The goal of this hackathon round is to extract information from PDF invoices using the Adobe PDF Services Extract API.
This project provides a user-friendly interface where users can upload PDF invoices from the frontend. The PDF files are then sent to the backend for further processing. The backend utilizes the Adobe PDF Services Extract API to extract relevant information from the invoices.
The Extract API processes the PDF documents and returns a response containing the extracted data. The backend server reads this response and extracts the necessary information using appropriate parsing techniques.
Once the relevant information is extracted, it is written into a CSV (Comma-Separated Values) file.
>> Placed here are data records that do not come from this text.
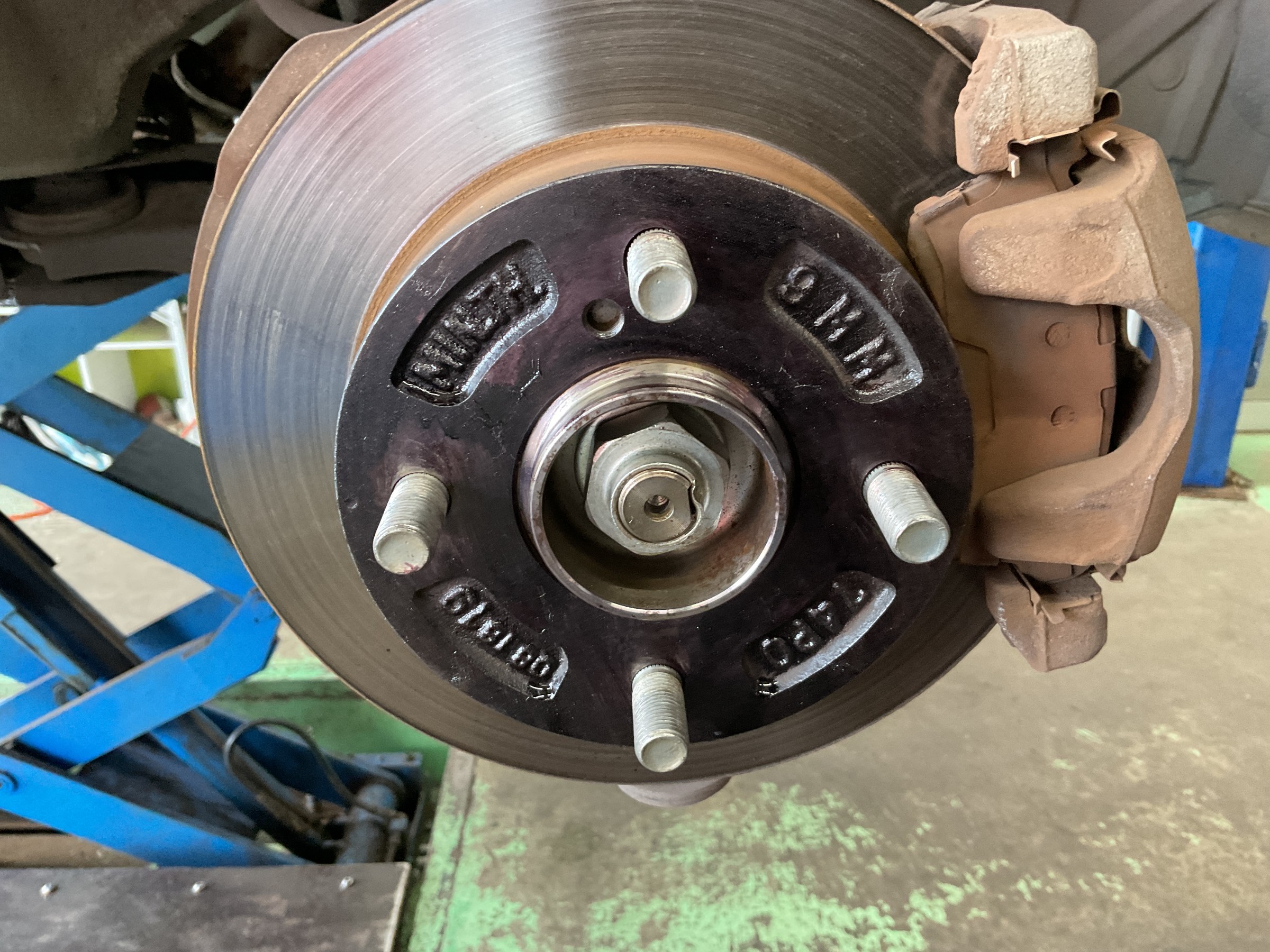 ここが錆で凸凹してしまうとホイールのブレにもつながりますので鉄を守る被膜の 黒錆 に転換する液剤&防錆コーティングでしっかりと保護させていただきました(ノ゚∀゚)ノ
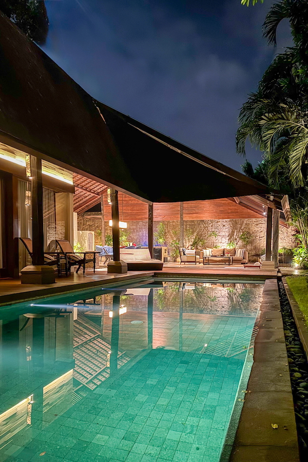 リビングルーム&バスルーム棟と、リビングルーム&ダイニングルーム棟が、プールを挟み別棟になったユニークな間取りが特徴で、ヴィラのどこにいてもプライベートプールを眺めることができます。
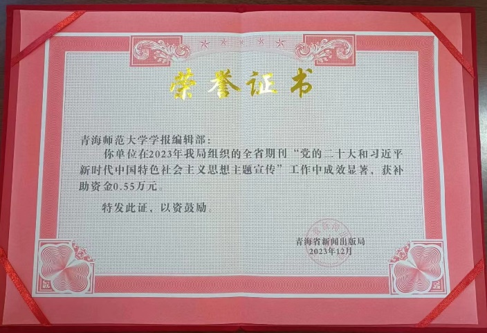 党的二十大召开以来,期刊开设了“研究阐释党的二十大精神”专栏,2022年10月以来,至今在社科版已经开设了8期专栏,刊发或录用了16篇关于“研究阐释党的二十大精神”的理论佳作。因专栏的重要性和特殊性,在专栏建设中采取了专栏主持人制度,约请相关专家担任栏目主持人,约请名家优质稿件,组织刊发了北京师范大学、兰州大学、西北大学、中国社会科学院大学等高校名家佳作。目前,“研究阐释党的二十大精神”专栏持续邀请主持人约稿组稿中。2023年,学报编辑部荣获全省期刊“党的二十大和习近平新时代中国特色社会主义思想主题宣传”先进单位称号,并获得补助资金。
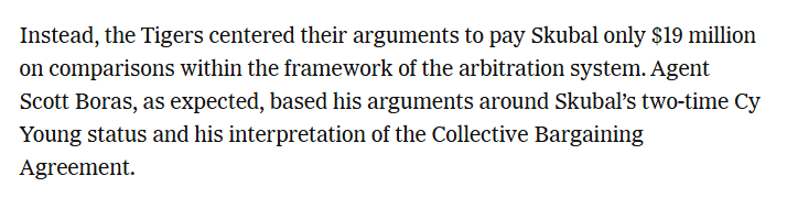 [Stavenhagen] Tigers centered their arguments to pay Skubal only $19 million on comparisons within the framework of the arbitration system. Agent Scott Boras, as expected, based his arguments around Skubal’s two-time Cy Young status and his interpretation of the Collective Bargaining Agreement
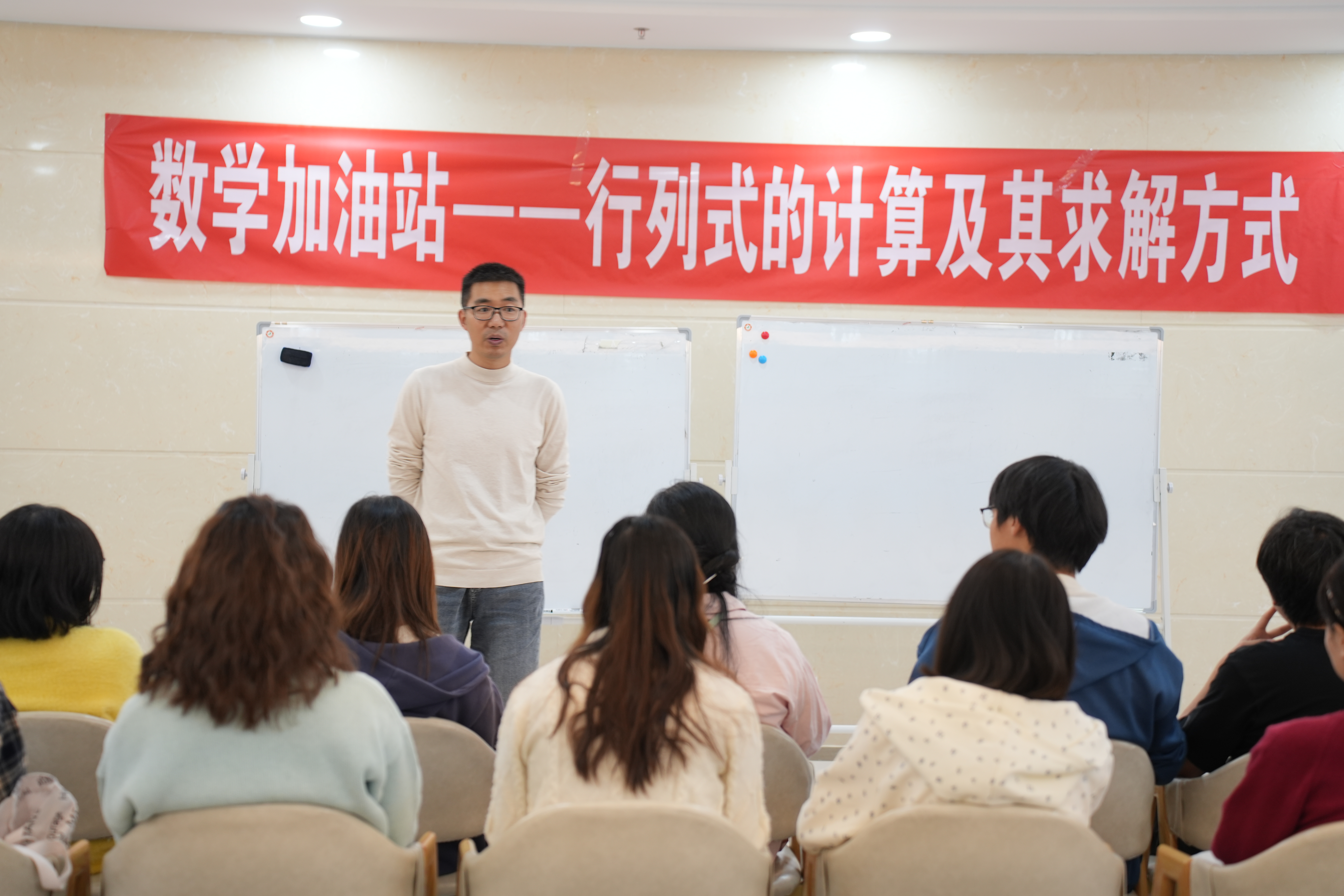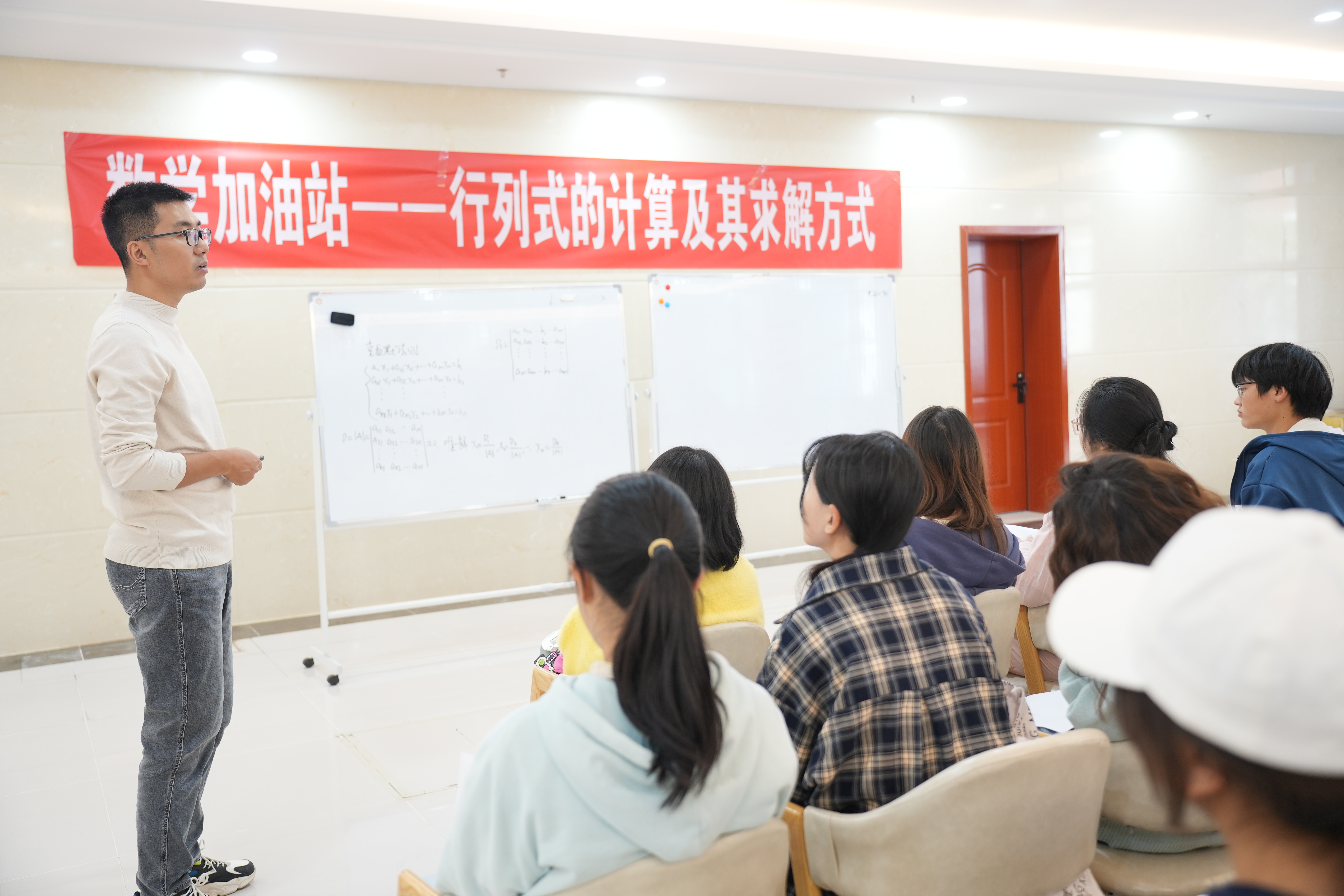2024年10月29日,老虎机游戏在线玩 在学生活动中心一楼大厅开展“数学加油站”活动。本期主题是行列式的计算及其求解方式,由老虎机游戏在线玩 常佳佳老师主讲。

The CSV file follows the same format as the provided ExtractedData.csv
file, ensuring consistency and compatibility.
- User-friendly interface for uploading PDF invoices.
- Seamless integration with the Adobe PDF Services Extract API.
- Parsing of the API response to extract relevant invoice information.
- Writing the extracted data into a CSV file in the specified format.
Technologies Used : React , Express To set up the project locally, follow these steps:
-
Clone the repository:
git clone https://github.com/nipunarora098/Adobe-Project.git
-
GO to client directory:
cd client
-
Install Dependancies
npm init npm i react-router-dom axios
-
Start Frontend
npm start
-
Go to server Directory
cd server
-
Install Dependancies
npm init npm i express multer cors fs @adobe/pdfservices-node-sdk csv-writer adm-zip
-
Start backend
npm run dev
-
After submitted Invoices Extracted_data.csv file will be downloaded.
Testcase :- https://drive.google.com/drive/folders/1WHnGtmzHbEI_cy44k9bRi2sfUr1ucrya
Extracted_Data.csv :- https://drive.google.com/file/d/1xgPINQeuj-eMOX-wT_RR2PIuYXqfN1XZ/view?usp=sharing
Testcases Fail : -> output81.pdf (Fail due to Wrong data From Extract API , Tax keyword is not present in the Extract File but present in pdf )